----- Working data
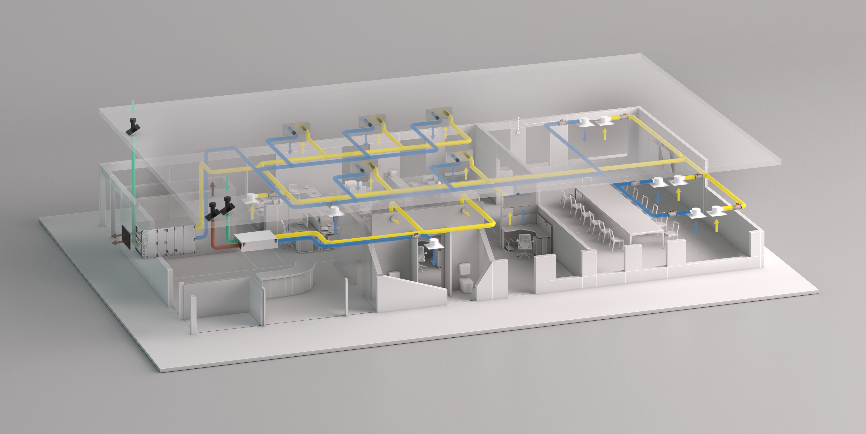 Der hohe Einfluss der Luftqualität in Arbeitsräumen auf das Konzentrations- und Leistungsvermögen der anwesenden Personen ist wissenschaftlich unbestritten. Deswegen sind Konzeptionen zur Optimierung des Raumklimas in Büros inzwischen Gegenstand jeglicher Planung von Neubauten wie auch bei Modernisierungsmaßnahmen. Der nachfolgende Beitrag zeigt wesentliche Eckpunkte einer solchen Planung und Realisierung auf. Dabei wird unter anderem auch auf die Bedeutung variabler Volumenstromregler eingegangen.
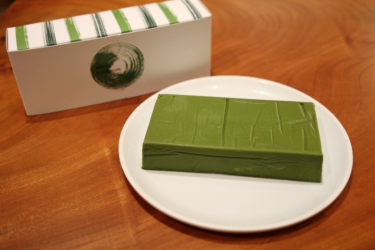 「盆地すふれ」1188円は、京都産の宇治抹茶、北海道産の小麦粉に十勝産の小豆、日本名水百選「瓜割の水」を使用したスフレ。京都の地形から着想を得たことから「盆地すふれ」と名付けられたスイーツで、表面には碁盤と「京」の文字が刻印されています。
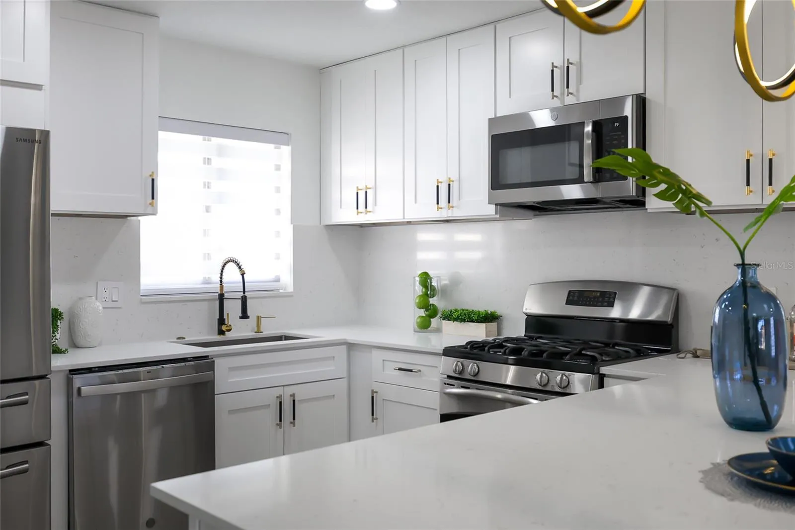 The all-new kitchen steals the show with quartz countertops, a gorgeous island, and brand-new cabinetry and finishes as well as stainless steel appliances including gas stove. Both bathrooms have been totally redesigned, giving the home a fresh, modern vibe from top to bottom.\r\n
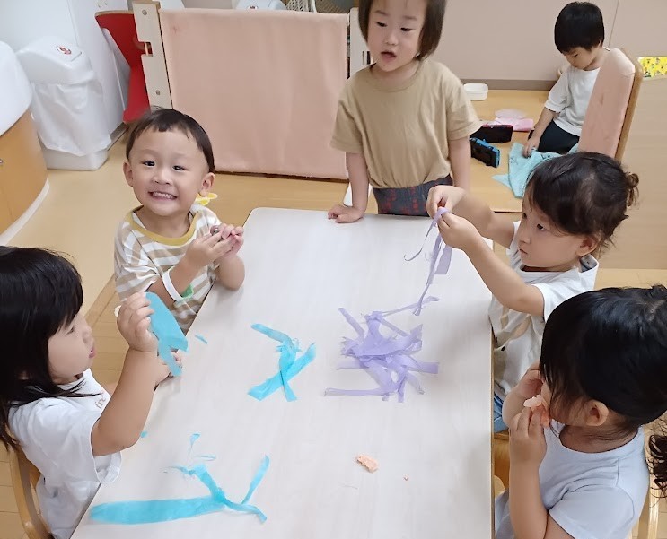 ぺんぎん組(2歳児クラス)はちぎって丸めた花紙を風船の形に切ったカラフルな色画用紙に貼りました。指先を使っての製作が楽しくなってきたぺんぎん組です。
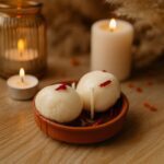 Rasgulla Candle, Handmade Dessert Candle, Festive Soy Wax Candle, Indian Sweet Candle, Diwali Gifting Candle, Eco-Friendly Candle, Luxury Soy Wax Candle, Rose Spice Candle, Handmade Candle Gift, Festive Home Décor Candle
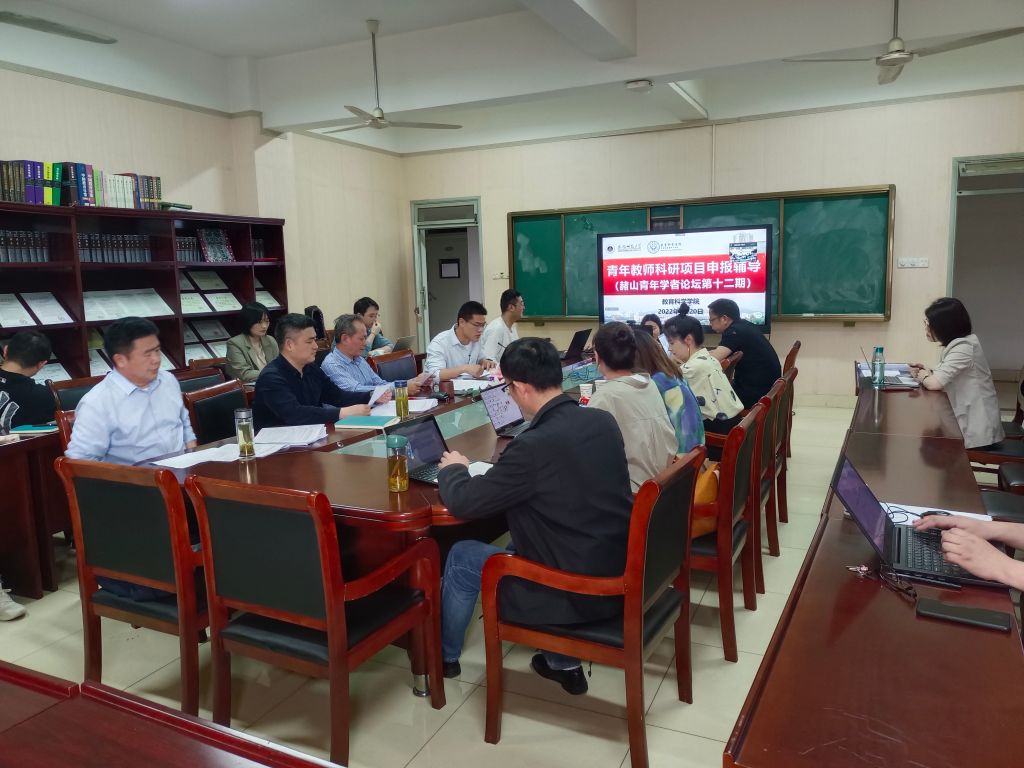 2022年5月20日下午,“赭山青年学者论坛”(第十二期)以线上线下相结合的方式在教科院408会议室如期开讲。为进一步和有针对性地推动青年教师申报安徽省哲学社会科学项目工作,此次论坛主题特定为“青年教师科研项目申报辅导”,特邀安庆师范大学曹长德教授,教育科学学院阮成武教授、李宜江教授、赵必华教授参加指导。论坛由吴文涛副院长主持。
----------
**Problem description**
Output all entries unchanged; skip the pictures.

**Exercise result**
 Der hohe Einfluss der Luftqualität in Arbeitsräumen auf das Konzentrations- und Leistungsvermögen der anwesenden Personen ist wissenschaftlich unbestritten. Deswegen sind Konzeptionen zur Optimierung des Raumklimas in Büros inzwischen Gegenstand jeglicher Planung von Neubauten wie auch bei Modernisierungsmaßnahmen. Der nachfolgende Beitrag zeigt wesentliche Eckpunkte einer solchen Planung und Realisierung auf. Dabei wird unter anderem auch auf die Bedeutung variabler Volumenstromregler eingegangen.
 「盆地すふれ」1188円は、京都産の宇治抹茶、北海道産の小麦粉に十勝産の小豆、日本名水百選「瓜割の水」を使用したスフレ。京都の地形から着想を得たことから「盆地すふれ」と名付けられたスイーツで、表面には碁盤と「京」の文字が刻印されています。
 The all-new kitchen steals the show with quartz countertops, a gorgeous island, and brand-new cabinetry and finishes as well as stainless steel appliances including gas stove. Both bathrooms have been totally redesigned, giving the home a fresh, modern vibe from top to bottom.\r\n
 ぺんぎん組(2歳児クラス)はちぎって丸めた花紙を風船の形に切ったカラフルな色画用紙に貼りました。指先を使っての製作が楽しくなってきたぺんぎん組です。
 Rasgulla Candle, Handmade Dessert Candle, Festive Soy Wax Candle, Indian Sweet Candle, Diwali Gifting Candle, Eco-Friendly Candle, Luxury Soy Wax Candle, Rose Spice Candle, Handmade Candle Gift, Festive Home Décor Candle
 2022年5月20日下午,“赭山青年学者论坛”(第十二期)以线上线下相结合的方式在教科院408会议室如期开讲。为进一步和有针对性地推动青年教师申报安徽省哲学社会科学项目工作,此次论坛主题特定为“青年教师科研项目申报辅导”,特邀安庆师范大学曹长德教授,教育科学学院阮成武教授、李宜江教授、赵必华教授参加指导。论坛由吴文涛副院长主持。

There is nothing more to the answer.